### Exercise directions:
Look through the listing below for the line containing "This watercolor design". Copy it and each line after it up to and including the line containing "En cuanto al", exactly, leaving out pictures.

### Input material:
-.-.-

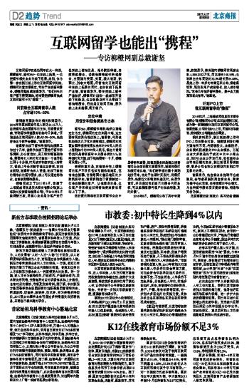 互联网留学在最近两年红火一阵后,顺顺留学、留学360一边在线上拓展,一边把留学相关业务向线下拓展。然而,作为第一家在新三板上市的互联网留学机构,柳橙网的意志很坚定,专注于在线留学服务。柳橙网副总裁谢坚表示,“我们99%的客户都不需要面询,将来要把柳橙网做成互联网留学中的‘携程’”。
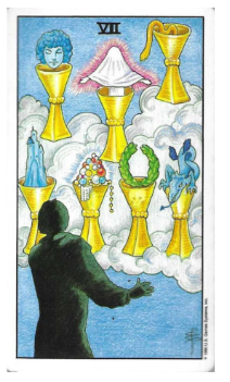컵 7번 카드는 환상과 착각을 의미합니다.
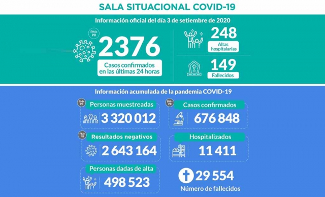 ERP. A 29,554 se elevó el número de fallecidos a causa del coronavirus covid-19 en Perú; mientras que los casos positivos totalizan 676,848; informó el Ministerio de Salud (Minsa). Hasta las 00:00 horas del día 4 de septiembre de 2020 se han procesado muestras para 3 320 012 personas por la COVID-19, obteniéndose, 676 848 casos confirmados y 2 643 164 negativos.
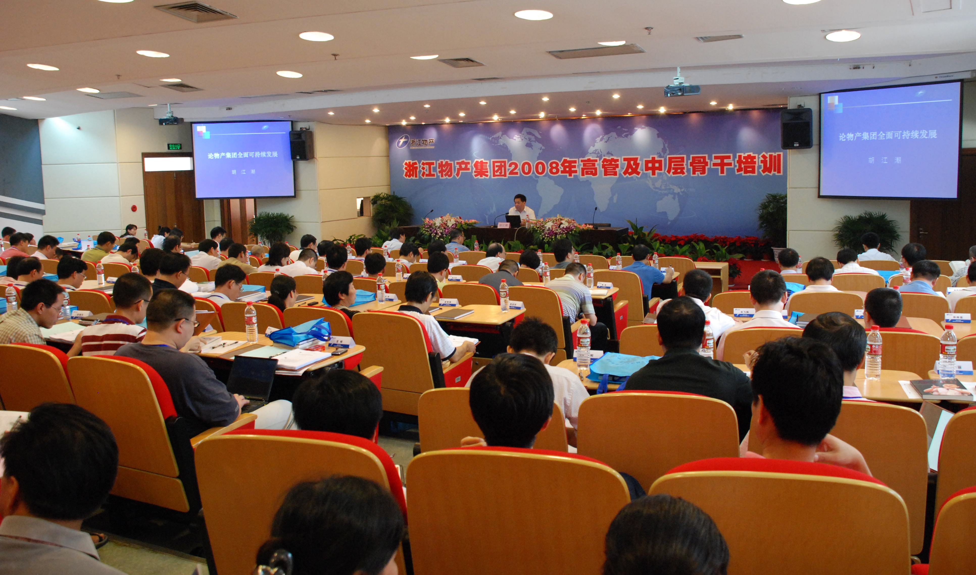 在两期培训班上,集团领导亲自带头授课,充分调动了全体学员学习的主动性和积极性。集团公司党委书记、董事长胡江潮先后为学员们作了题为《论浙江物产的全面可持续发展》与《论浙江物产的核心价值观与企业竞争力》的讲课。胡董事长围绕浙江物产经营规模上“千亿”台阶后,如何“由做大向做强升华、由战略引领向价值观引领升级”,实现集团全面可持续的发展,努力把浙江物产打造成为具有国际竞争力的、惠及全体员工的一流现代流通企业集团,从战略升级、文化引领、创新创业、素质提升等角度,进行了全面而深刻的理论阐述和实践指导。集团公司孟伟林总经理和隋剑光副书记则分别作了题为《审时度势转型升级 创新管理 持续发展》与《培养物产集团职业经理人》的讲课,从推进集团转型提升、推进流通产业化、良性稳健发展和打造忠诚于物产事业的优秀经理人队伍的角度,分别进行了授课。
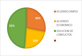El conocimiento sobre los medios alternativos de solución de conflictos, en cuanto a la conciliación es sumamente importante toda vez que se debe tener muy en cuenta como un derecho o una garantía que tenemos. Es así que el 30% de los encuestados dice que la conciliación es un simple acuerdo, el 25% por su parte piensa que la conciliación es únicamente un acuerdo económico, y tan solo un poco mas de la mirad, esto es, de 52% de los servidores públicos encuestados conoce de manera satisfactoria que la conciliación es un medio alternativo de solución de conflictos.
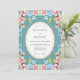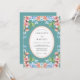 This watercolor design features a vibrant teal blue background adorned with a symmetrical border of pink cherry blossoms and light blue hydrangeas. Soft green foliage provides a natural touch to the artistic floral arrangement. The overall aesthetic is cheerful and romantic, perfect for a spring or summer seasonal event. The palette balances bold jewel tones with delicate pastel accents.
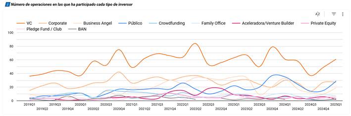 En cuanto al tipo de inversor que participa en las rondas, en el primer trimestre de 2025, los fondos de Venture Capital continúan liderando. En segundo lugar, se sitúan las inversiones de entidades públicas, seguidas en tercer puesto por las realizadas por corporaciones.
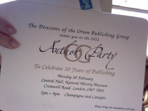 In other news, I've mentioned before that Shadow & Bone will be published in the UK by Orion's new YA imprint, Indigo (under the title The Gathering Dark). I recently got this lovely invitation to the Orion Group Author Party in London. Champagne! Canapes! The Natural History Museum! Sigh. Almost tempted to pack my headdress and hop the next British Airways flight. Who wants to be my date?

-.-.-

### Reply to the exercise:
 This watercolor design features a vibrant teal blue background adorned with a symmetrical border of pink cherry blossoms and light blue hydrangeas. Soft green foliage provides a natural touch to the artistic floral arrangement. The overall aesthetic is cheerful and romantic, perfect for a spring or summer seasonal event. The palette balances bold jewel tones with delicate pastel accents.
 En cuanto al tipo de inversor que participa en las rondas, en el primer trimestre de 2025, los fondos de Venture Capital continúan liderando. En segundo lugar, se sitúan las inversiones de entidades públicas, seguidas en tercer puesto por las realizadas por corporaciones.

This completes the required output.